[Record extracts]
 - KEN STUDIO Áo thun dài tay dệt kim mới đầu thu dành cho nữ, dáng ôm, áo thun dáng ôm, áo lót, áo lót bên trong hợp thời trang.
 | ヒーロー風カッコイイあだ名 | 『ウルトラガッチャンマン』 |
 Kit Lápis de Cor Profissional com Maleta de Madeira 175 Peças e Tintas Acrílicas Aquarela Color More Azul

==

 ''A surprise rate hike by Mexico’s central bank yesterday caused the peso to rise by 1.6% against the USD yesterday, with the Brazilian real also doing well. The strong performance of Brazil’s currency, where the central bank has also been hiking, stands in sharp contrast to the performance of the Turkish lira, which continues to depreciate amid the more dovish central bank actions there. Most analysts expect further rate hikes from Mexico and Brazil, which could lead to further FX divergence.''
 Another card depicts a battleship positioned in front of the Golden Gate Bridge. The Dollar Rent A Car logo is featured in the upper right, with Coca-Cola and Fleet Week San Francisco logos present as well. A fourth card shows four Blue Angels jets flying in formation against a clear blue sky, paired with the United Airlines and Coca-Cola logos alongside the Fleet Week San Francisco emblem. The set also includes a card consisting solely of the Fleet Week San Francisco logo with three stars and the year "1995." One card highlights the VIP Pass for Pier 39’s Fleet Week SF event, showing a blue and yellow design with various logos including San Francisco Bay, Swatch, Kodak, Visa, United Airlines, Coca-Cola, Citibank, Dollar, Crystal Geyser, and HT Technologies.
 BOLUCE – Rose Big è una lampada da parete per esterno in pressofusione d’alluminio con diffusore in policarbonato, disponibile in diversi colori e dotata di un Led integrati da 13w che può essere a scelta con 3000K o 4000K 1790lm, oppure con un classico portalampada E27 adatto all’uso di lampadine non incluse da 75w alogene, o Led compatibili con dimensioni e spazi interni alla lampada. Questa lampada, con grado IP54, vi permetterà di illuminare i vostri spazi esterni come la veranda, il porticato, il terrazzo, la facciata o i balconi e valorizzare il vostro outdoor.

==

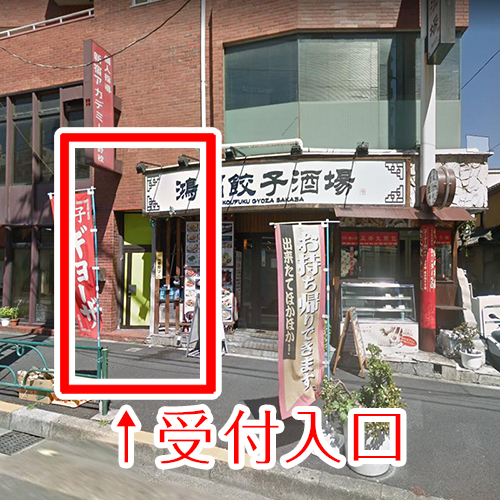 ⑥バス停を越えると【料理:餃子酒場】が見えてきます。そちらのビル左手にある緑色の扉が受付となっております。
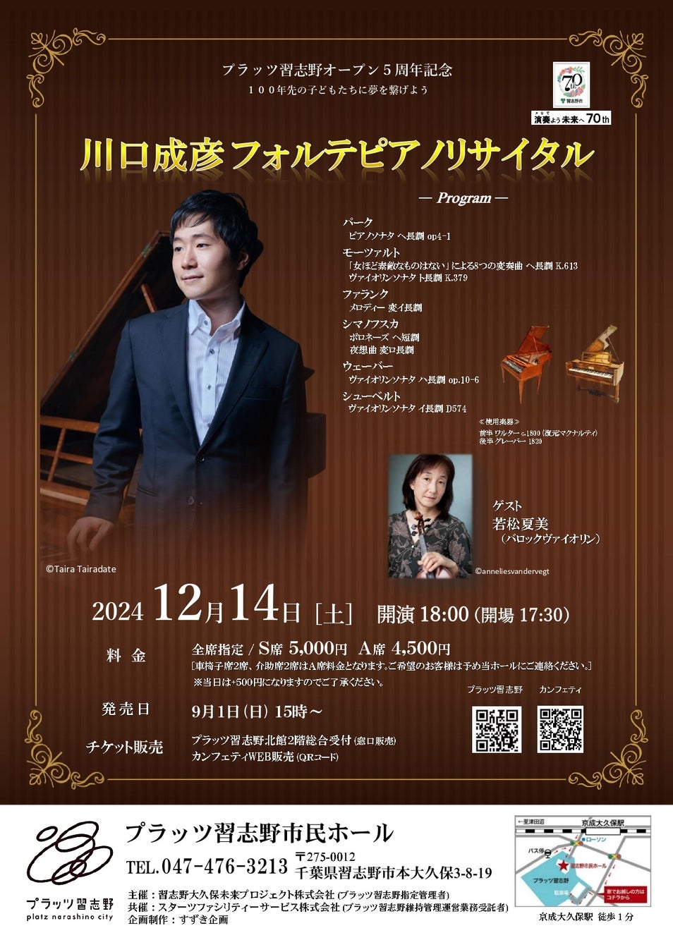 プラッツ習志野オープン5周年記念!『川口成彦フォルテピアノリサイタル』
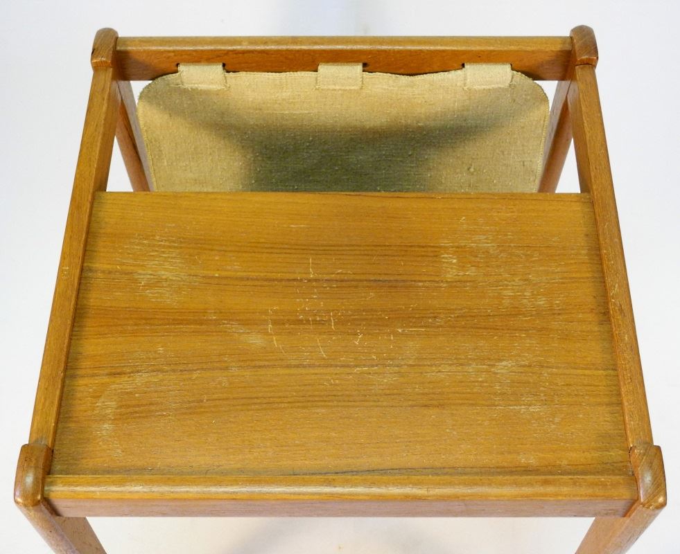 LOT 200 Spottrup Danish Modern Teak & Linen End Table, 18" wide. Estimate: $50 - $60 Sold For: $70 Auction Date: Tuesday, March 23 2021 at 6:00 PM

[Exercise instructions] Restate word for word the entries above from the line with "Another card depicts" through the line with "BOLUCE – Rose", inclusive, leaving out everything else.

[Expected answer]
 Another card depicts a battleship positioned in front of the Golden Gate Bridge. The Dollar Rent A Car logo is featured in the upper right, with Coca-Cola and Fleet Week San Francisco logos present as well. A fourth card shows four Blue Angels jets flying in formation against a clear blue sky, paired with the United Airlines and Coca-Cola logos alongside the Fleet Week San Francisco emblem. The set also includes a card consisting solely of the Fleet Week San Francisco logo with three stars and the year "1995." One card highlights the VIP Pass for Pier 39’s Fleet Week SF event, showing a blue and yellow design with various logos including San Francisco Bay, Swatch, Kodak, Visa, United Airlines, Coca-Cola, Citibank, Dollar, Crystal Geyser, and HT Technologies.
 BOLUCE – Rose Big è una lampada da parete per esterno in pressofusione d’alluminio con diffusore in policarbonato, disponibile in diversi colori e dotata di un Led integrati da 13w che può essere a scelta con 3000K o 4000K 1790lm, oppure con un classico portalampada E27 adatto all’uso di lampadine non incluse da 75w alogene, o Led compatibili con dimensioni e spazi interni alla lampada. Questa lampada, con grado IP54, vi permetterà di illuminare i vostri spazi esterni come la veranda, il porticato, il terrazzo, la facciata o i balconi e valorizzare il vostro outdoor.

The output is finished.